Kim’s comeback is unlike anything golf has ever seen. There are, after all, very few golf pros who play tournaments while considering themselves fortunate just to be alive. And no one sits out 12 years and returns to do anything of significance. Now Kim is clean and sober and a winner again. When he tapped in his final putt, his young daughter, Bella, sprinted across the green to embrace him. “Best moment of my life so far,” Kim said in his emotional winner’s press conference. “I just want her to know that no matter how bad your day is, if you keep fighting you never lose. Hopefully she takes that with her for the rest of her life.”

COMEBACK STORY COMPLETE 🏆

ANTHONY KIM WINS LIV GOLF ADELAIDE 2026#LIVGolfAdelaide pic.twitter.com/w3TmrMeuiP

— LIV Golf (@livgolf_league) February 15, 2026

Some may say LIV Golf doesn’t really matter because the events have no history, the fields are flimsy and the participants are paid shills for a Saudi Arabian regime with a horrendous human rights record. That’s valid, but before Adelaide if I had told you that Anthony Kim played Jon Rahm and Bryson DeChambeau in 18 holes of any kind of golf, even miniature golf, spotted them five shots apiece and then won handily, wouldn’t that result stop you dead in your tracks?

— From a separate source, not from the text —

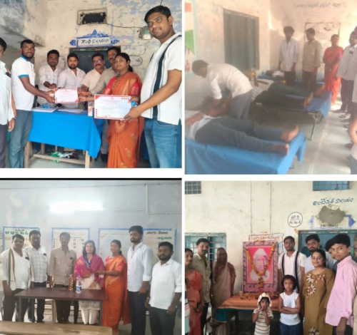 మద్నూర్ మండలంలోని దన్నూర్ మాజీ సర్పంచ్ విట్టల్ రావు ఐదవ వర్ధంతిని కుటుంబ సభ్యులు ఆదివారం ఘనంగా నిర్వహించారు. ఇందులో భాగంగా గ్రామస్తుల కోసం ఉచిత వైద్య శిబిరాన్ని ఏర్నాటు చేశారు. ఇందులో గ్రామ యువత స్వచ్చదంగా రక్తదానం చేశారు. ఈ సందర్భంగా కోడలు జయశ్రీ దేవి దాస్ పటేల్, గ్రామ సర్పంచ్ మాట్లాడుతూ.. మామయ్యను మేమెప్పటికీ మరువలేమని, ఆయన మా గుండోల్లో ఉంటారి అన్నారు. సెవెన్ హిల్స్ బాన్సువాడ ఆస్పత్రి వైద్యుల చేత ఉచిత వైద్య శిబిరం ఏర్పాటు చేసి గ్రామస్తులకు వైద్య చికిత్సలు జరిపించామని తెలిపారు. ఉచిత వైద్య శిబిరంలో వైద్యురాలు వాగ్దేవి ఎండి జనరల్ మెడిసిన్, అదేవిధంగా డాక్టర్ దివ్య భవాని గైనిక్ ఫార్మసిస్ట్, సుమంత్ వీరితో పాటు వైద్య సిబ్బంది వైష్ణవి, నర్సుబాయి, కార్తీక్ హనుమంత్, అన్వర్ ఉచిత రక్తదాన శిబిరంలో పాల్గొని ప్రజలకు చికిత్సలు అందించి, మెడిసిన్ ను అందజేశారు. అనంతరం సర్పంచ్ జయశ్రీ వైద్య బృందానికి శాలువాలతో ఘనంగా సన్మానించారు. కార్యక్రమంలో కాంగ్రెస్ పార్టీ జిల్లా కార్యదర్శి సంతోష్ పటేల్, విట్టల్ రావు, రెడ్ క్రాస్ మండల చైర్మన్ ప్రకాష్ విట్టల్ రావు చిత్రపటానికి పూలవేసి నివాళులర్పించారు.

Anyone who flipped the channel away from the Olympics to watch Kim close out his win in the wee hours on Sunday morning witnessed his passion. LIV Golf may not matter to all of us, but it means a lot to Anthony Kim. On Sunday in Australia he faced his demons, his aging body, his years of rust and two of the best golfers on the planet, and he busted all of their asses. It really was something to see.